Palsy (HNPP), respectively.

This study was designed to elucidate disease processes caused by

misexpression of Pmp22 and, at the same time, to gain further

information on the controversial molecular function of PMP22. To this

end, we took advantage of the unique resource of a set of various

Pmp22 mutant mice to carry out comparative expression profiling of

mutant and wild-type sciatic nerves. Tissues derived from Pmp22-/-

( " knockout " ), Pmp22tg (increased Pmp22 copy number), and Trembler

(Tr; point mutation in Pmp22) mutant mice were analyzed at two

developmental stages: (i) at postnatal day (P)4, when normal

myelination has just started and primary causative defects of the

mutations are expected to be apparent, and (ii) at P60, with the goal

of obtaining information on secondary disease effects.
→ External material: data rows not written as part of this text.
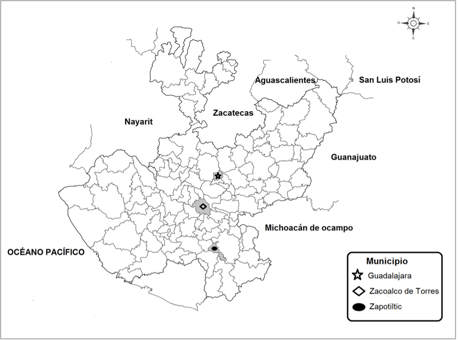 Figura 1 Ubicación geográfica de los municipios bajo estudio, dentro del estado de Jalisco.
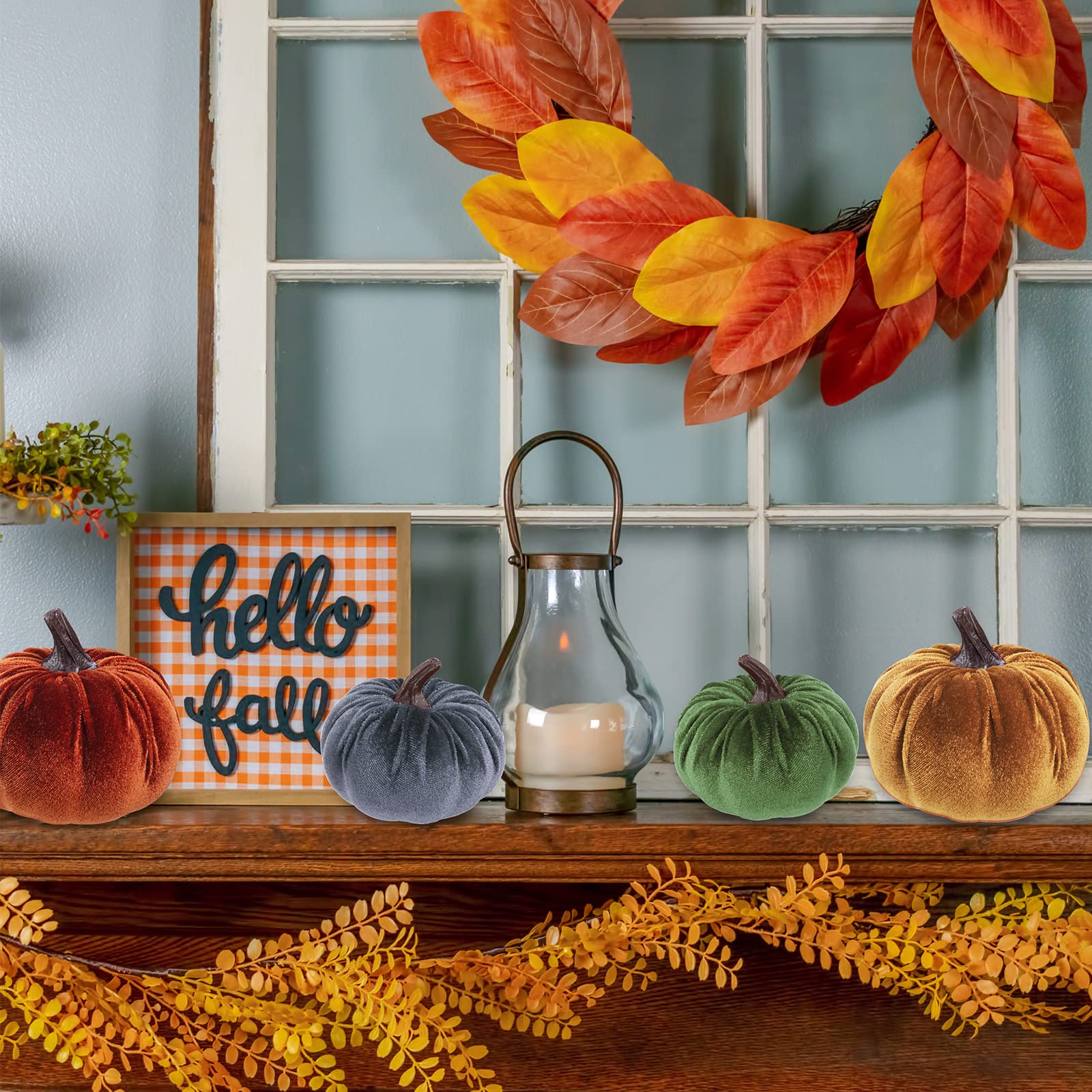 - Color: This set of Harvest velvet pumpkins comes in 4 traditional fall shades of Rust, Gold, Olive, and Gray. Each pumpkin comes with a brown stem at the top. In a mix of classic Harvest colors, decorative pumpkins seamless blend in with any decoration from modern farmhouse to rustic, perfect to create a holiday atmosphere for fall events, Halloween, and Thanksgiving. Fall is definitely here, and our velvet pumpkins are ready to transform your home with a touch of warmth!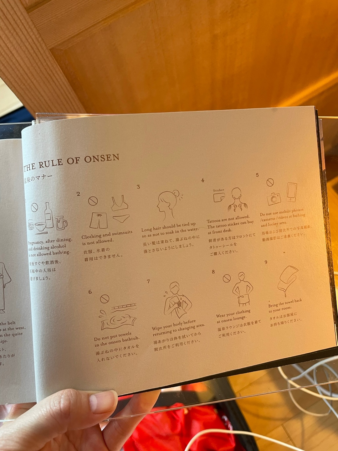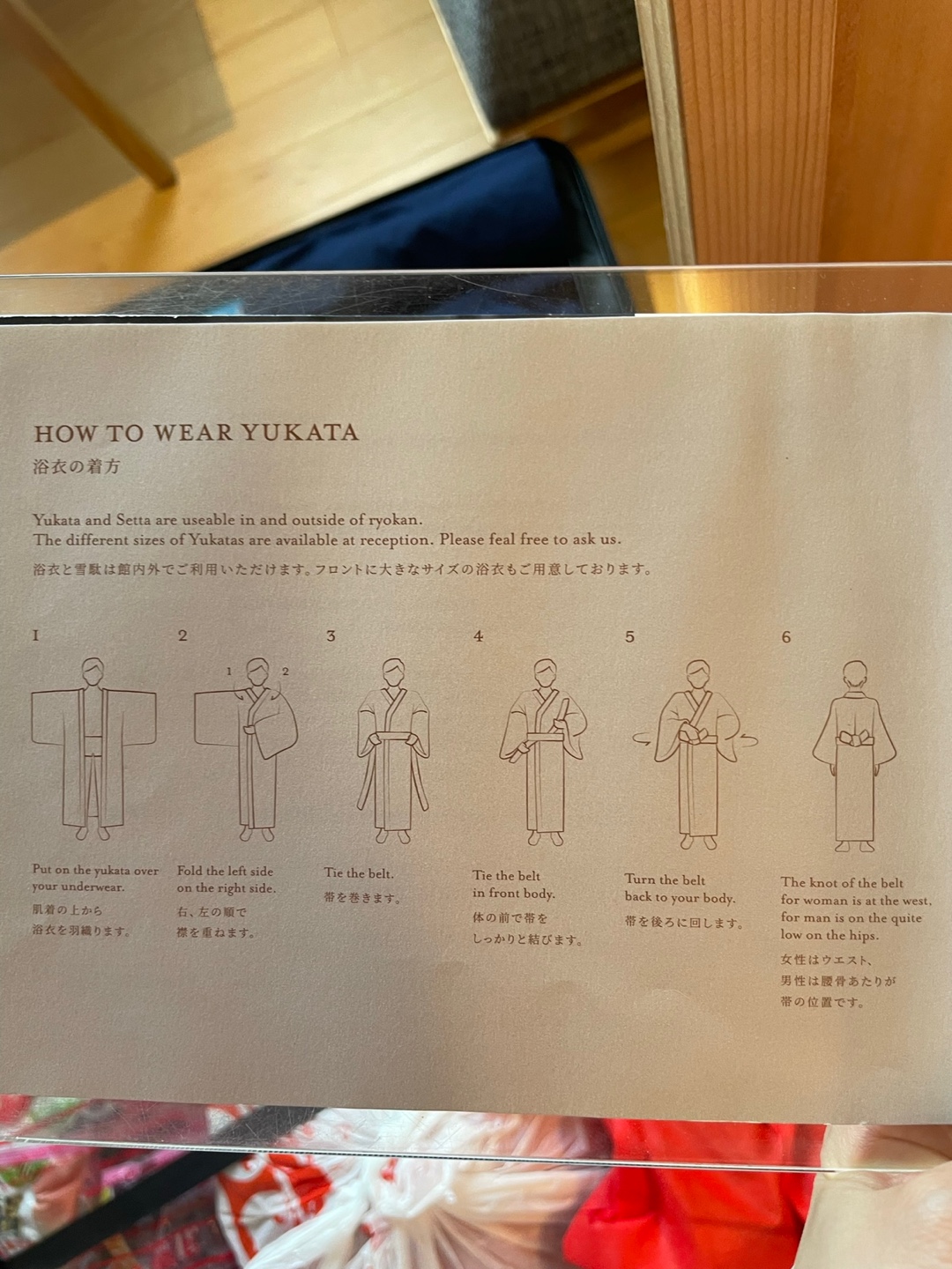 외국인도 꽤 많이 이용하다 보니 온천 이용 시 기본적인 매너와 유카타 입는 방법 등과 같은 설명서(?)도 방 안에 있었다. 신기해서 냉큼 찍어 봄..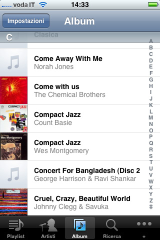 Fatto questo tutte le playlist, vide e filmati, audio libri e podcast, insomma proprio tutti i contenuti di iTunes sono alla portata del nostro dito sul piccolo schermo tascabile. L’interfaccia di controllo è molto simile a quella disponibile per le funzionalità iPod di iPhone. Controllo del volume, salto del brano, consultazione di Playlist e dell’intero archivio. A lato dell’elenco brani sono presenti anche le miniature delle copertine, ma solamente nel formato più piccolo dell’immagine e senza la possibilità di sfogliarle in modalità Cover Flow.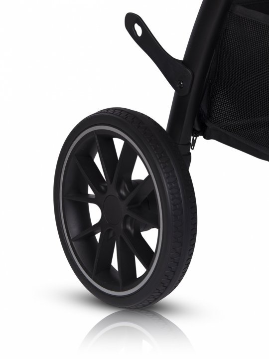 - ROTI MARI DE CAUCIUC CU STRIATII - datorita rotilor de cauciuc plin si material pentru toate cele patru anotimpuri, CORSO va rula perfect pe orice suprafata, de la gresia lucitoare din mall-uri, la pamantul si zapada de pe aleile parcurilor.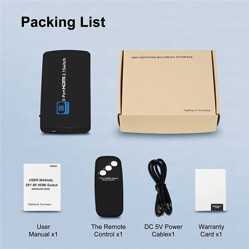 ZY-A8Q3, el interruptor HDMI Navceker 8K @ 60Hz 4K @ 120Hz puede conectar tres fuentes HDMI como el reproductor blu-ray y PS3, PS4, PS4 pro, PS5, etc. a una sola pantalla HDMI como HDTV.Y puede cambiar las fuentes HD muy cómodamente usando el control remoto IR o el botón interruptor de fácil clic en la unidad. El sistema es compatible con HDMI 2,1, 3D y 8K Ultra HD.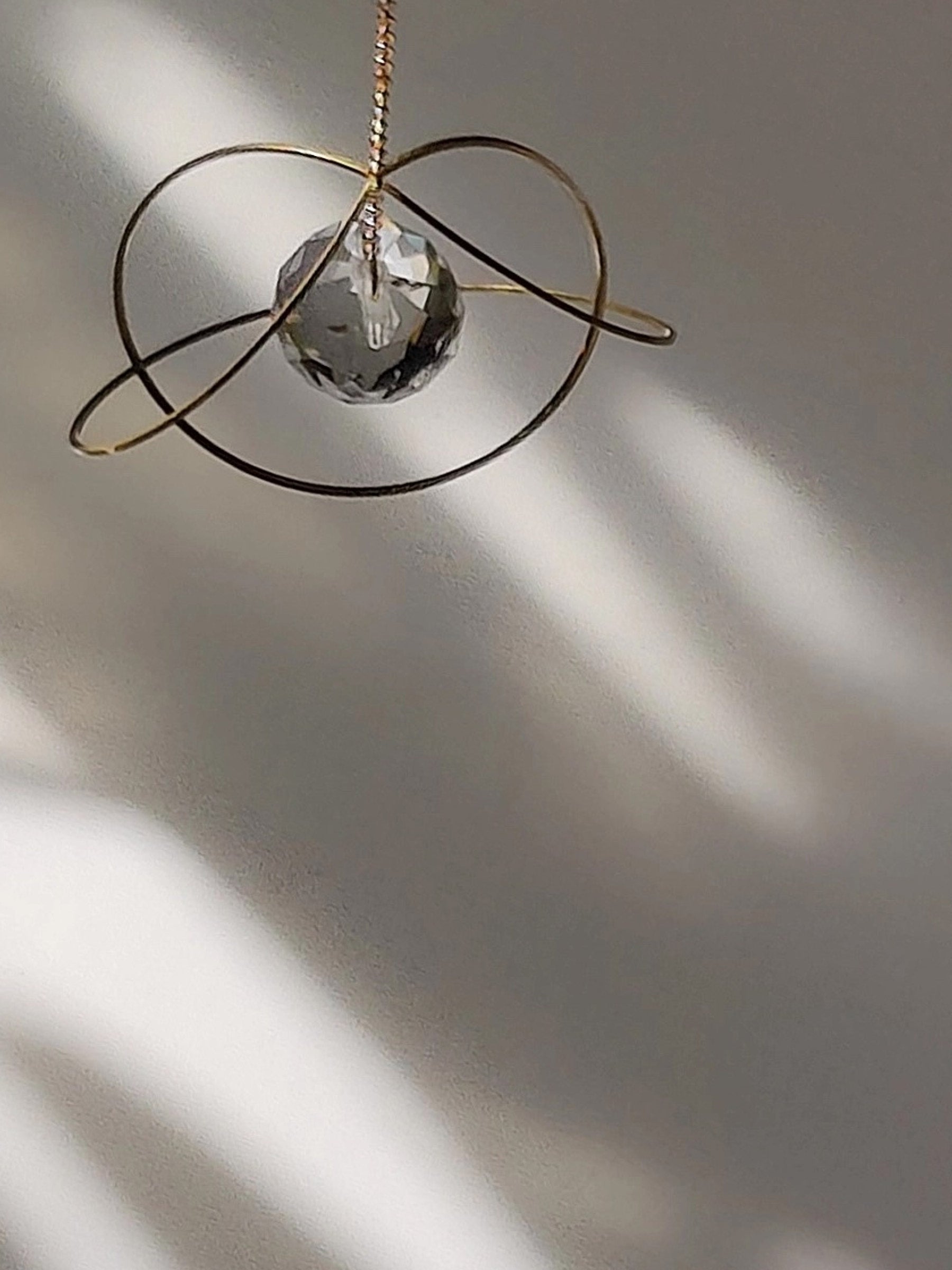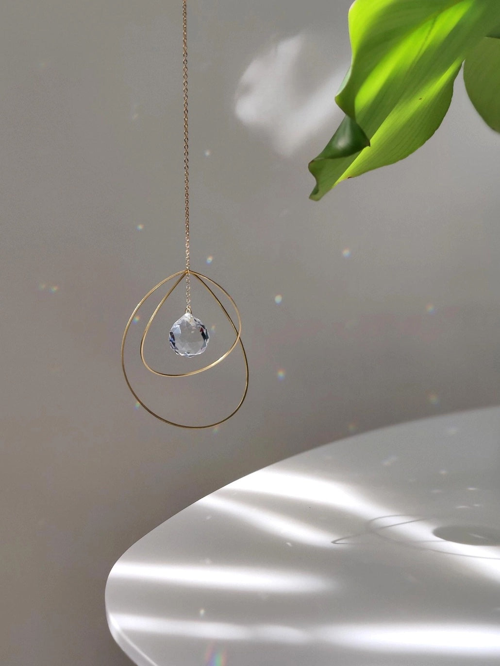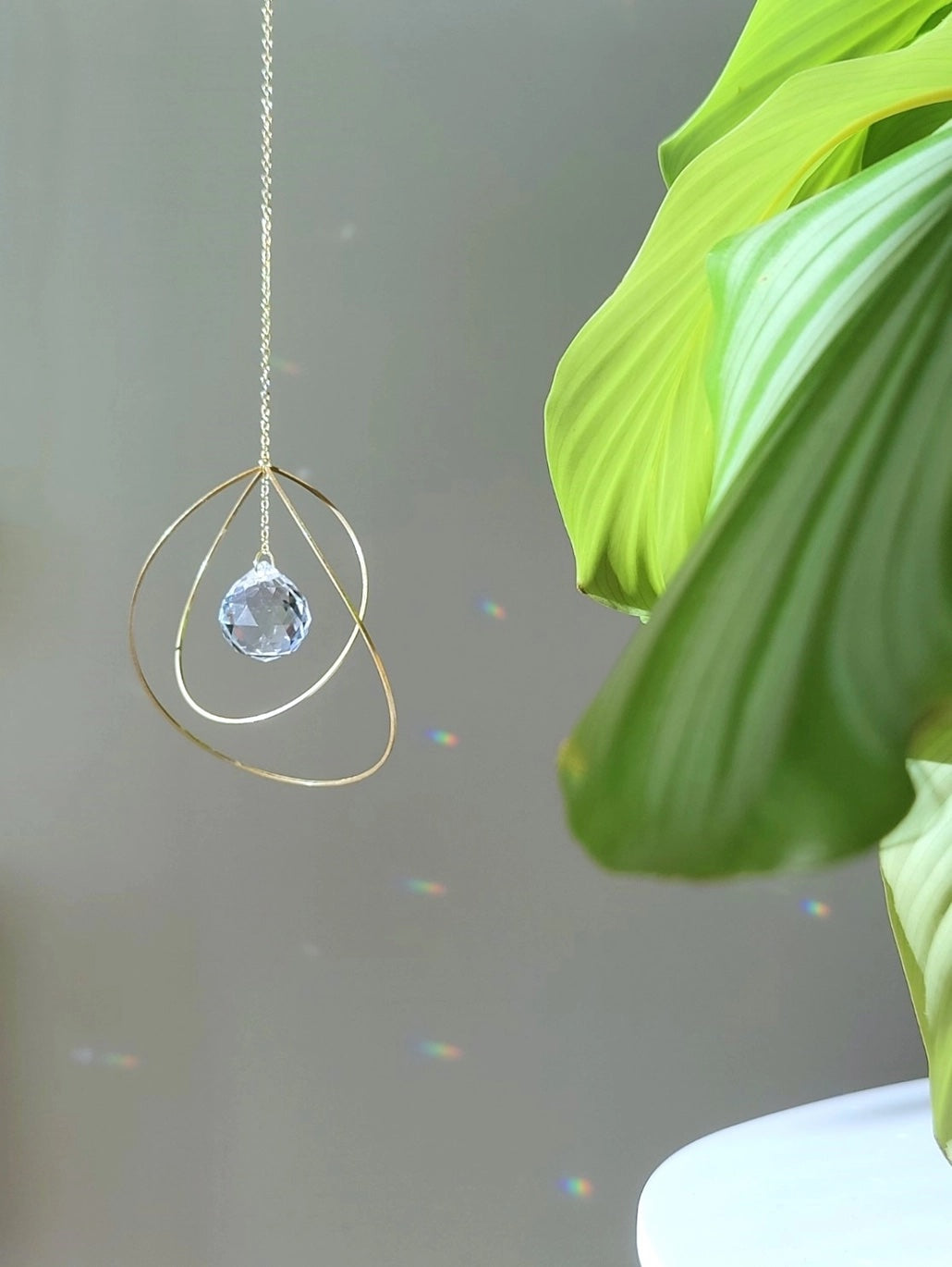Hängend fängt er das Licht ein und verbreitet subtile Regenbögen, wo auch immer das Licht hinmöchte.

Interestingly, the three Pmp22 mutants exhibited distinct profiles of

gene expression, suggesting different disease mechanisms. Increased

expression of genes involved in cell cycle regulation and DNA

replication is characteristic and specific for the early stage in

Pmp22-/- mice, supporting a primary function of PMP22 in the

regulation of Schwann cell proliferation. In the Tr mutant, a

distinguishing feature is the high expression of stress response

genes. Both Tr and Pmp22tg mice show strongly reduced expression of

genes important for cholesterol synthesis at P4, a characteristic

that is common to all three mutants at P60.

Finally, we have identified a number of candidate genes that may play

important roles in the disease process or in myelination per se.